Une bonne écriture a un style. Tu dois non seulement dire quelque chose de pertinent, mais si c’est un argument, tu dois le rendre captivant. En même temps, un article que les gens retiennent, qu’ils relisent, qu’ils partagent à leurs amis, c’est un texte vivant. C’est quand j’arrive à cet effet que mon écriture progresse. Nous avons tous une impulsion naturelle en communication : « Je ne devrais pas faire ça. » C’est justement ce chemin-là, celui de l’intuition, qui mène à son style personnel. Pour moi, écrire, c’est comme de la musique : il y a un rythme, une mélodie. Je ne veux pas juste dire quelque chose, je veux t’emmener dans mon voyage. C’est ce que je cherche chez d’autres auteurs.

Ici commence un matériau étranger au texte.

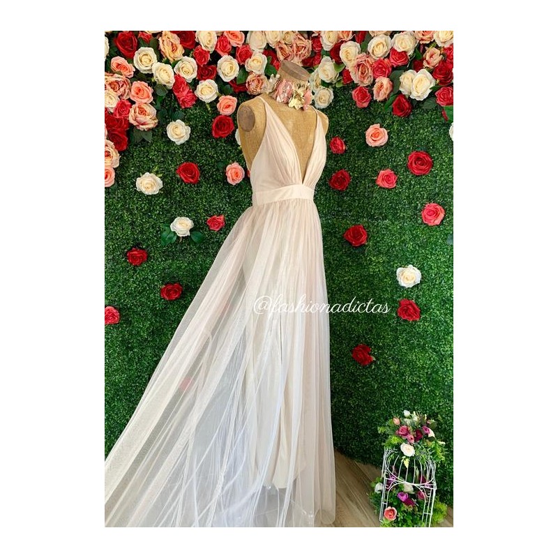 Hermoso vestido tirantes escotado y falda tipo tulle con forro abertura en piernas. Espalda tirante cruzado.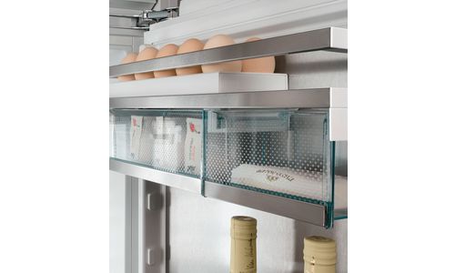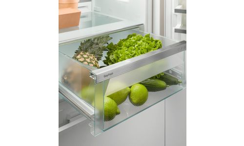 Deze koel/vriescombinatie biedt alles. Het robuuste SmartSteel interieur is hygiënisch en geeft een professionele uitstraling. De LED wandpanelen en Ambient verlichting zorgen dat niets aan uw oog ontsnapt en de deur met SoftSystem sluit altijd en zacht. In de EasyFresh lade bewaart u groenten en fruit zodat smaak en structuur behouden blijven. Het NoFrost vriesdeel met LED verlichting hoeft u nooit meer te ontdooien. De IceMaker met vaste wateraansluiting zorgt automatisch voor voldoende ijsblokjes.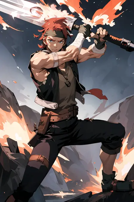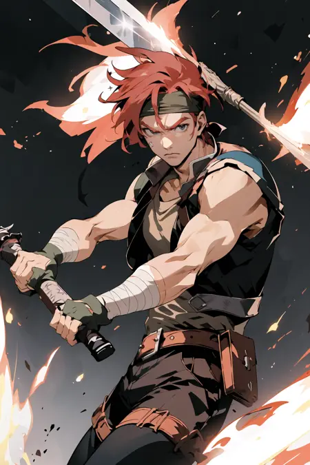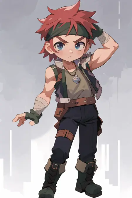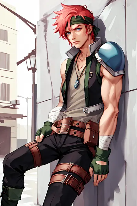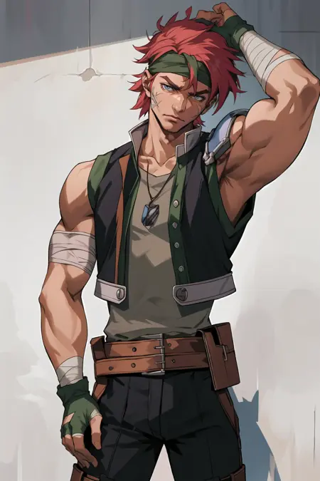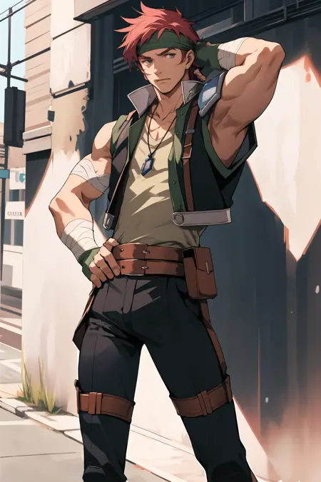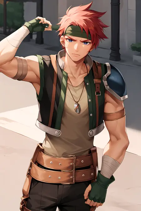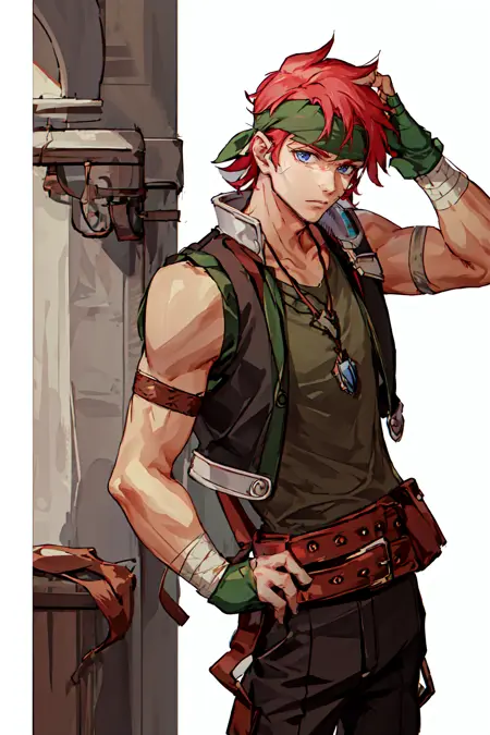 Trigger words (for upper body): agatesora, 1boy, head band, vest, shoulder armor, sleeveless shirt, necklace, bandages, fingerless gloves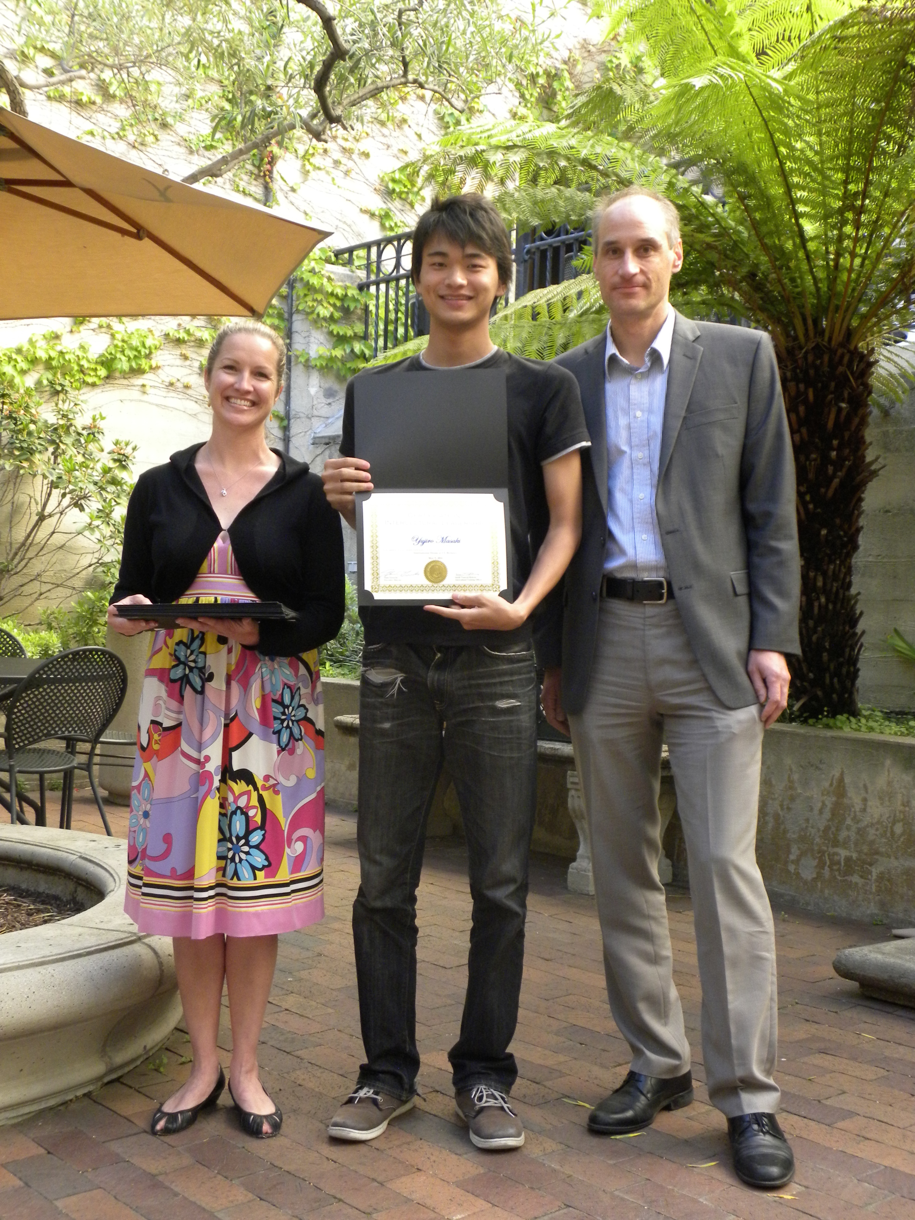 Spring 2014 ILI participant Yujiro with his Certificate in Intercultural Leadership from CIL staff Breidi and Jason

Entourez-vous de personnes excellentes
Imran : Tu as mentionné l’intuition, ce qui est très important. Parfois, j’écris quelque chose, puis je l’efface. Par exemple, tu pourrais écrire un rapport sur Twitter expliquant ce que tu fais, et suivre ton intuition même si tu crains la réaction. Car tu viens d’évoquer l’importance de suivre ce processus.
Mike :
Certains auteurs veulent connaître l’avis des gens sur certains événements. Ils ne transmettent pas seulement des faits, je m’intéresse aussi à leur opinion personnelle. Pas seulement à cause de leur opinion, mais davantage à leur cadre de pensée, à leur manière de s’exprimer. Ce qui compte, c’est la personne, pas seulement ce qu’elle dit. Quand un auteur écrit quelque chose de génial, le lecteur s’y connecte. Cette connexion entre auteur et lecteur est une expérience humaine. Ce n’est pas juste une collecte d’informations. On veut savoir ce que nos amis pensent des choses. En écrivant, ton rôle est de devenir cet ami.
Imran : Donc l’essentiel, c’est d’être soi-même, non ?
Mike :
Tu veux être toi-même, mais une version exagérée de toi-même. Je pense qu’il faut amplifier fortement les parties de toi qui te ressemblent. Vous faites quelque chose que personne d’autre ne fait — c’est ce qui vous rend spécial.
Imran : Un point que j’ai retenu de notre discussion, c’est que les fondateurs qui veulent construire une marque en ligne peuvent écrire, faire des podcasts, mais une chose rare dans notre réseau est d’apprécier et de fréquenter activement ceux qui ont un réseau très fort. Qu’est-ce que tu veux dire ? L’exemple que tu donnes, c’est de devenir ami avec ceux qui dirigent des newsletters. Je ne pense pas que ce soit une pratique courante. Peux-tu en reparler comme stratégie de marketing ou de croissance ?
Mike :
Oui, encore une fois, je ne peux pas en parler de façon stratégique. C’est simplement mon hypothèse sur la manière dont le monde fonctionne : je veux être avec des gens qui font des choses que je trouve cool. Qui partagent mes valeurs, mes goûts, avec qui échanger est passionnant. Et ça fonctionne très bien pour moi. C’est un réseau. Si tu veux apprendre les maths, si tu veux être ingénieur, c’est ton réseau, ton canal de distribution. Ce sont les personnes avec qui tu collaboreras, celles qui vendront ton produit. Mais elles seront aussi comme des amis. Fais-toi des amis parmi ceux qui font ce que tu trouves important, que tu admires. Être avec eux te poussera à grandir, ils t’aideront, tu les aideras. Tu veux que tes amis deviennent meilleurs, tout comme tu veux avoir les meilleures personnes du monde autour de toi, car ensemble, vous êtes plus forts. C’est ainsi que fonctionne le réseau humain.